- [What is being asked]:
Repeat the listing below exactly. Pictures do not belong in the copy.

- [Input data]:
- - - -

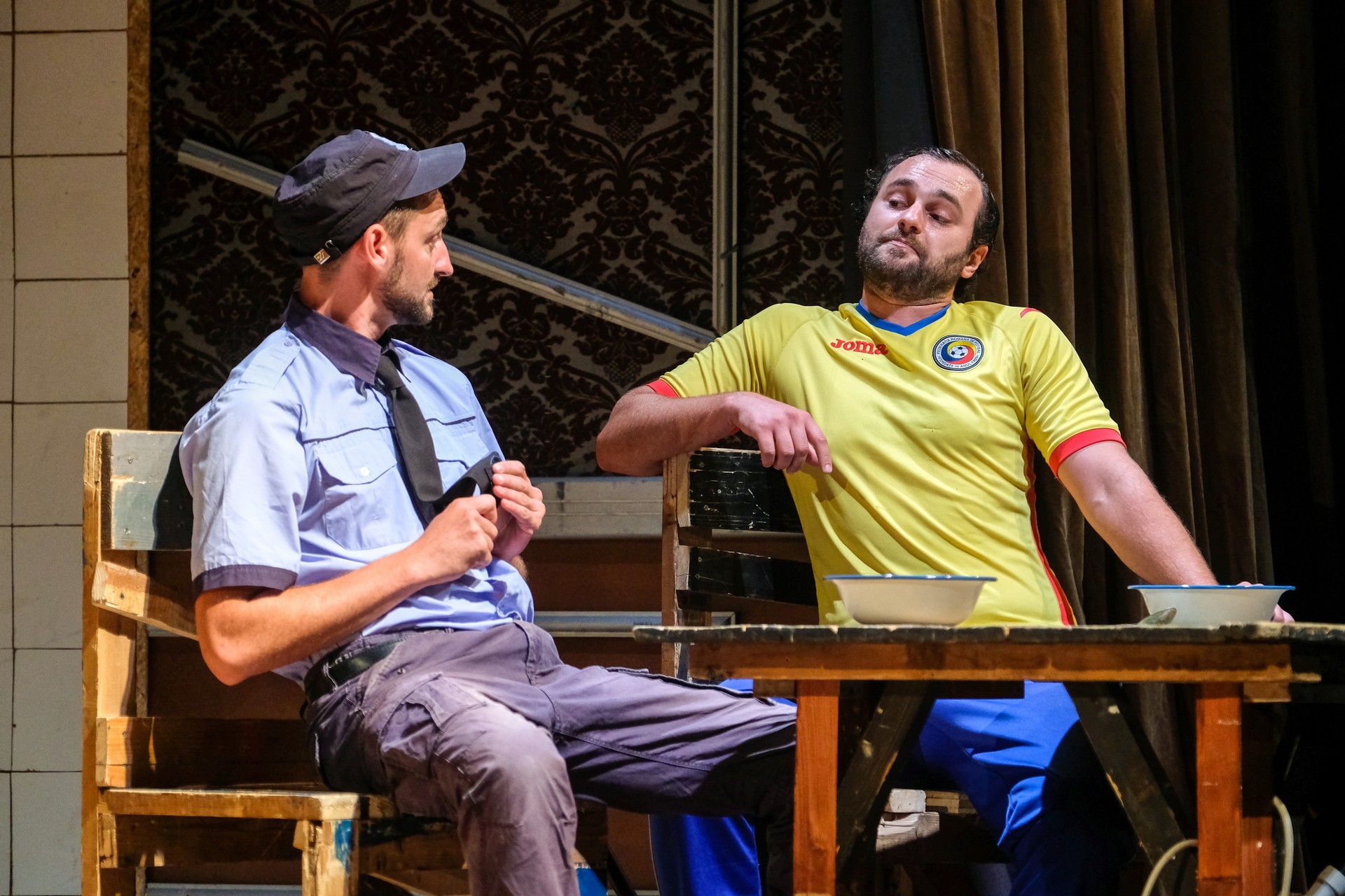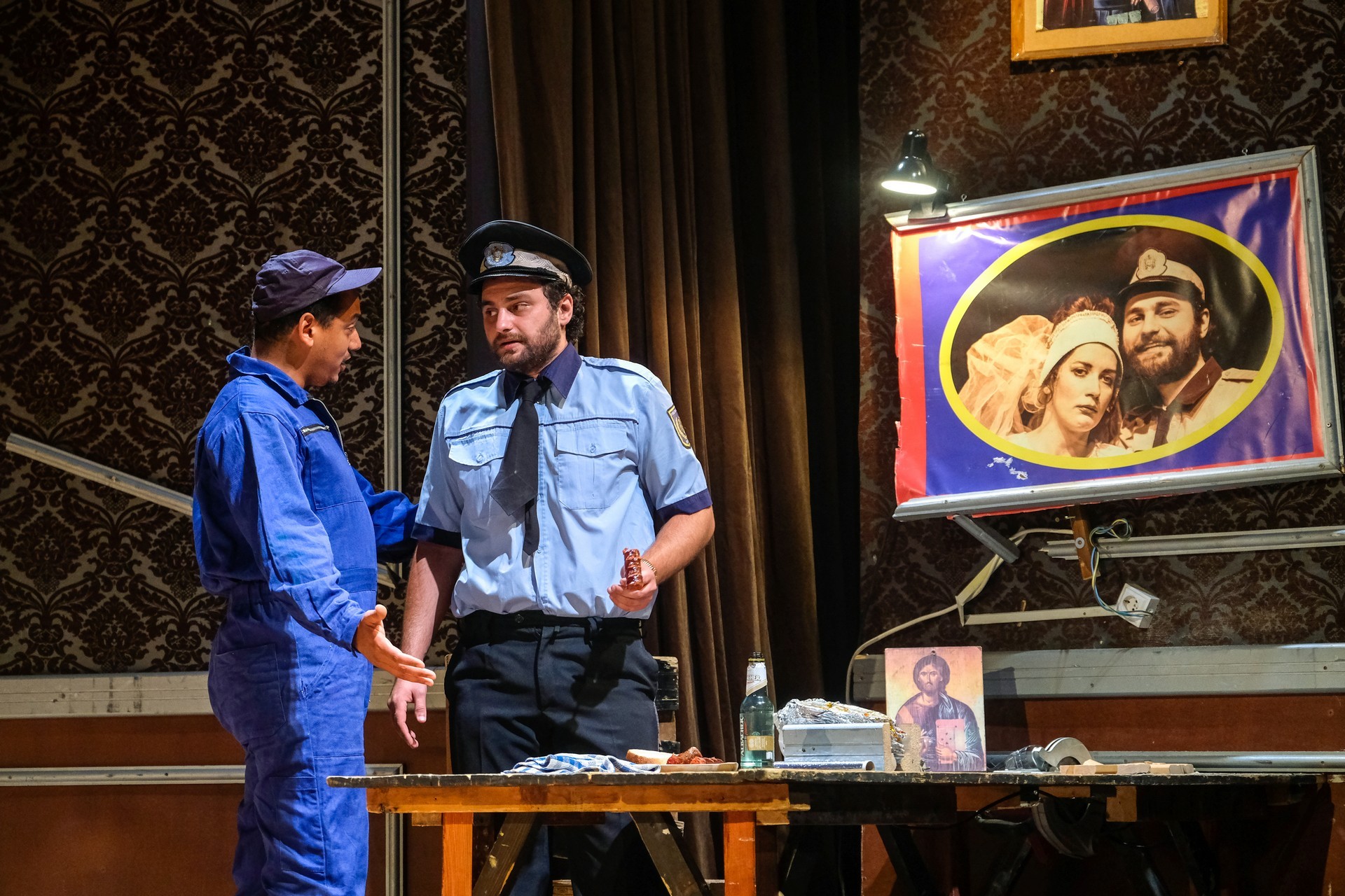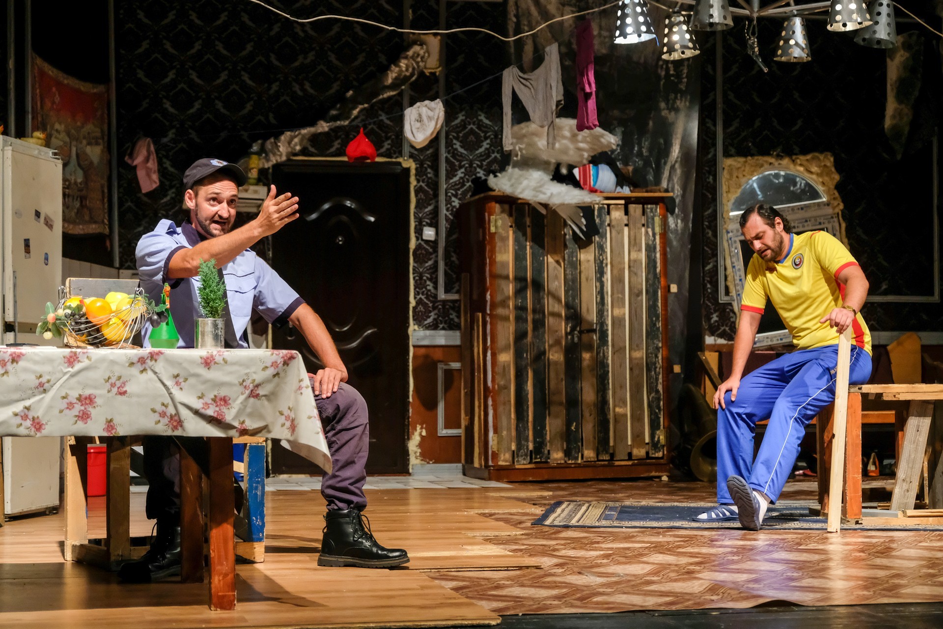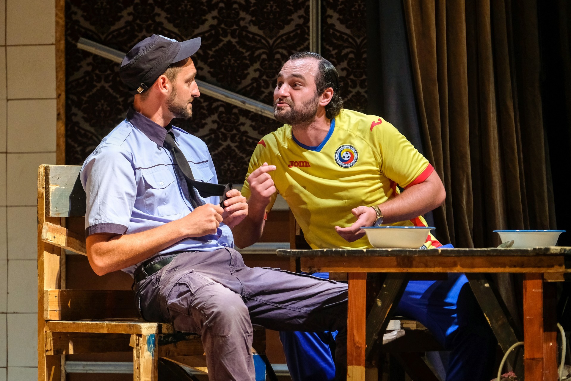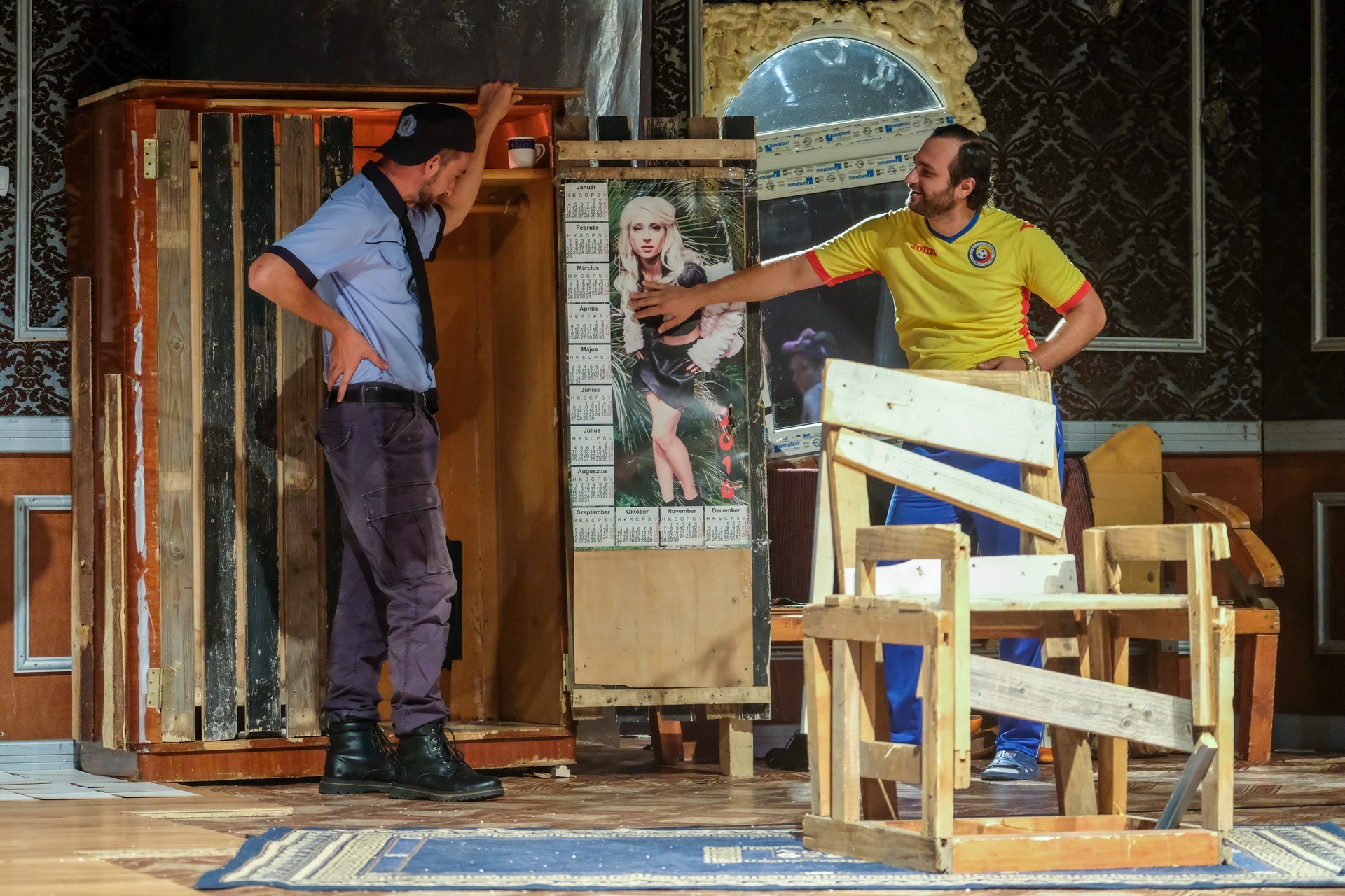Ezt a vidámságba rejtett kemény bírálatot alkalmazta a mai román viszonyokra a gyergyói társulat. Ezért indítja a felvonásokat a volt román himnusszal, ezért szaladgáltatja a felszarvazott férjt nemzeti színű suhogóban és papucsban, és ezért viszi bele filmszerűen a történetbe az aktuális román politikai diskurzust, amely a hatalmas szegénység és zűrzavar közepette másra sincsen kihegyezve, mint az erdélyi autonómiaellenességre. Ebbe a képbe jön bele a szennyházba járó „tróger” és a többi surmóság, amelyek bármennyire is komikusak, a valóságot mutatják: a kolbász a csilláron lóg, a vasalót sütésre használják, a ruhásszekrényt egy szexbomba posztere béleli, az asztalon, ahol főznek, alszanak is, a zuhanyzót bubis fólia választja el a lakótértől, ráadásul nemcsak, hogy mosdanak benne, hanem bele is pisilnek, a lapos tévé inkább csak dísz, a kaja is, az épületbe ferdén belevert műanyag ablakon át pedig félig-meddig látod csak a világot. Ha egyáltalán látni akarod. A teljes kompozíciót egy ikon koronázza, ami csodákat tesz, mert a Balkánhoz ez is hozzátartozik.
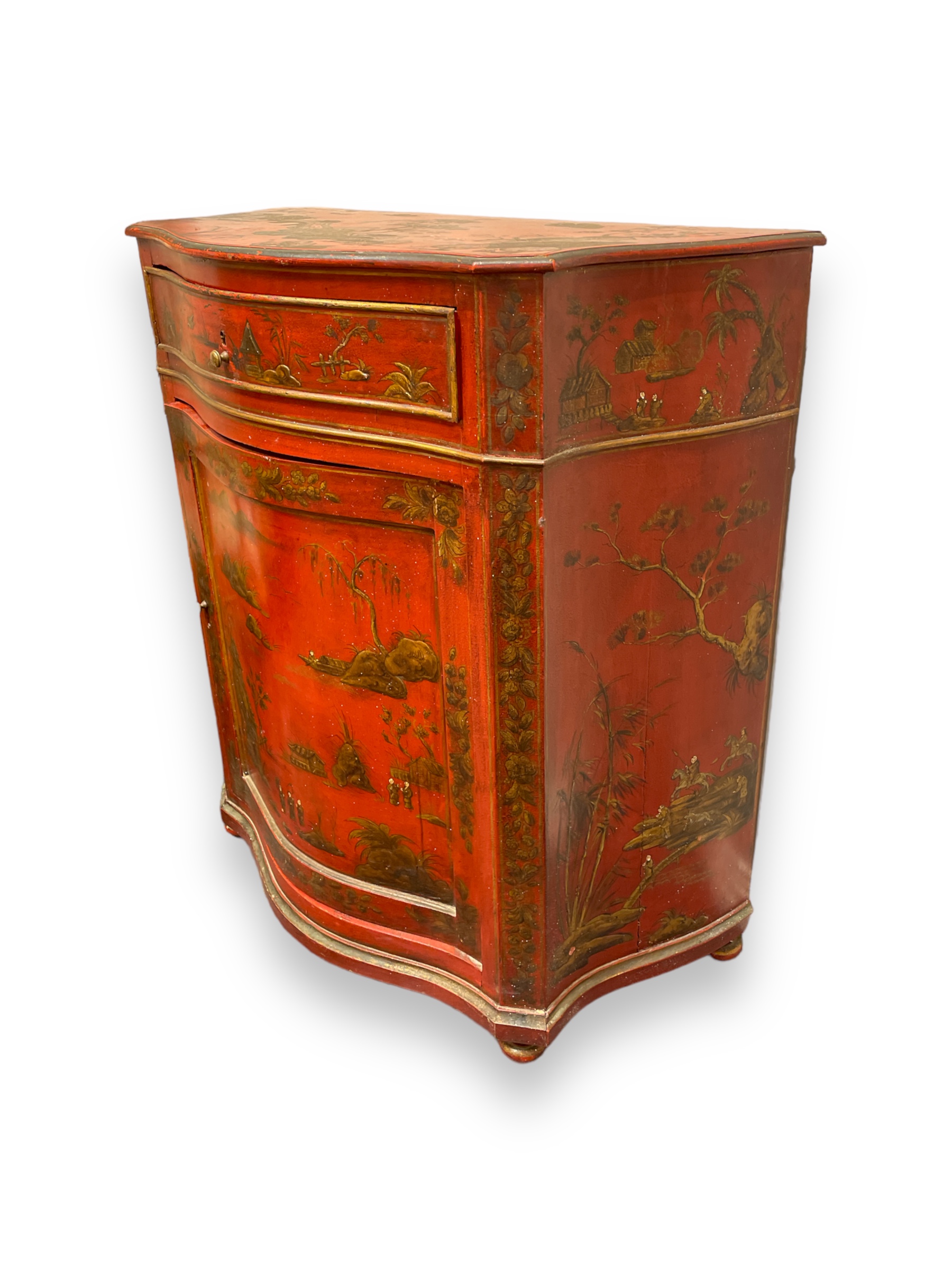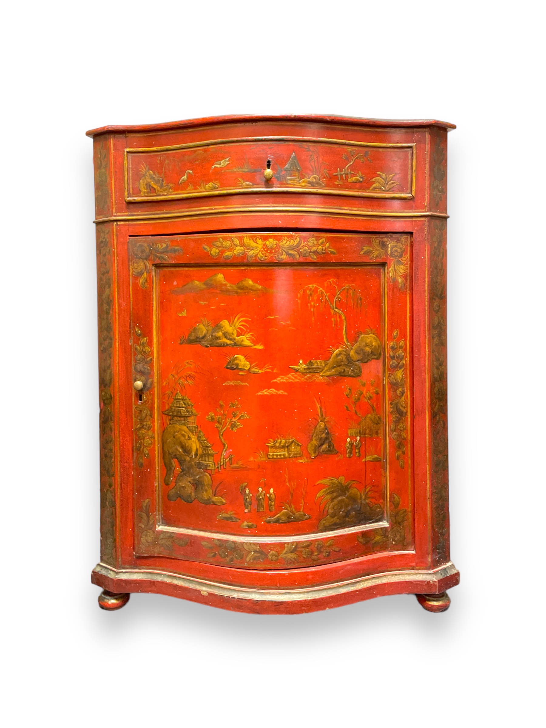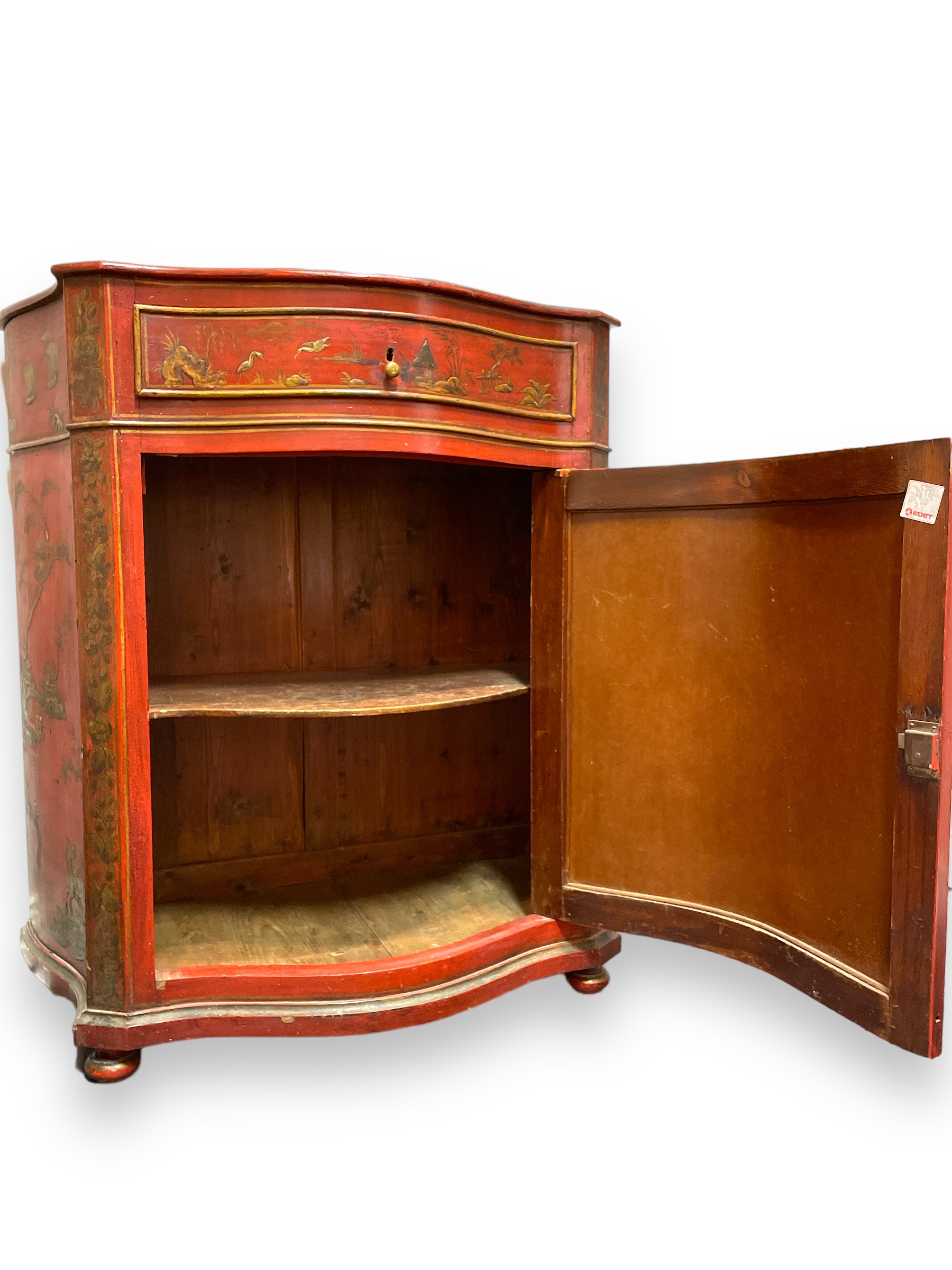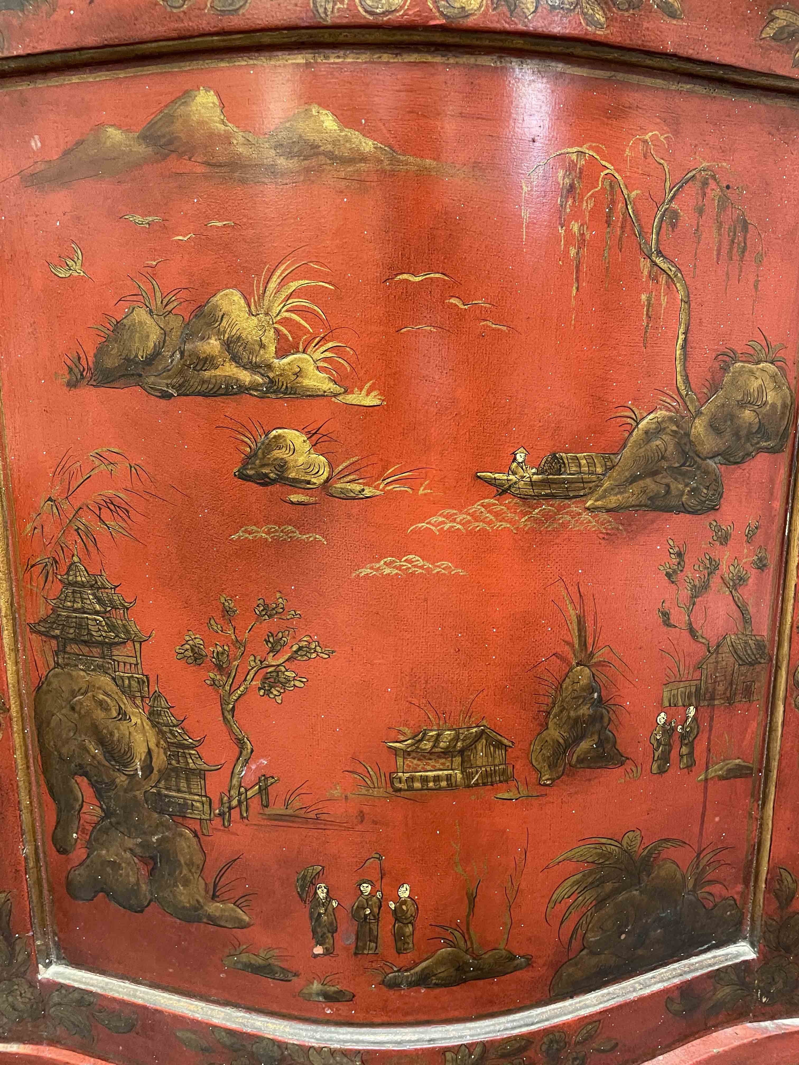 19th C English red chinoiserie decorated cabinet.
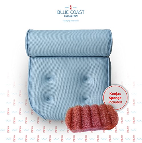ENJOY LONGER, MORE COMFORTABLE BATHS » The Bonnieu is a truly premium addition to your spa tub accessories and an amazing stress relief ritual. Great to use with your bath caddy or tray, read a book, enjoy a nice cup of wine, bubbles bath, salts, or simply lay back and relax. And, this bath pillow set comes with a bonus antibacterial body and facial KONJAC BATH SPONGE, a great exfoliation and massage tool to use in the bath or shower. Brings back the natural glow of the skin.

- - - -

- [Result of the task]:
Ezt a vidámságba rejtett kemény bírálatot alkalmazta a mai román viszonyokra a gyergyói társulat. Ezért indítja a felvonásokat a volt román himnusszal, ezért szaladgáltatja a felszarvazott férjt nemzeti színű suhogóban és papucsban, és ezért viszi bele filmszerűen a történetbe az aktuális román politikai diskurzust, amely a hatalmas szegénység és zűrzavar közepette másra sincsen kihegyezve, mint az erdélyi autonómiaellenességre. Ebbe a képbe jön bele a szennyházba járó „tróger” és a többi surmóság, amelyek bármennyire is komikusak, a valóságot mutatják: a kolbász a csilláron lóg, a vasalót sütésre használják, a ruhásszekrényt egy szexbomba posztere béleli, az asztalon, ahol főznek, alszanak is, a zuhanyzót bubis fólia választja el a lakótértől, ráadásul nemcsak, hogy mosdanak benne, hanem bele is pisilnek, a lapos tévé inkább csak dísz, a kaja is, az épületbe ferdén belevert műanyag ablakon át pedig félig-meddig látod csak a világot. Ha egyáltalán látni akarod. A teljes kompozíciót egy ikon koronázza, ami csodákat tesz, mert a Balkánhoz ez is hozzátartozik.
 19th C English red chinoiserie decorated cabinet.
ENJOY LONGER, MORE COMFORTABLE BATHS » The Bonnieu is a truly premium addition to your spa tub accessories and an amazing stress relief ritual. Great to use with your bath caddy or tray, read a book, enjoy a nice cup of wine, bubbles bath, salts, or simply lay back and relax. And, this bath pillow set comes with a bonus antibacterial body and facial KONJAC BATH SPONGE, a great exfoliation and massage tool to use in the bath or shower. Brings back the natural glow of the skin.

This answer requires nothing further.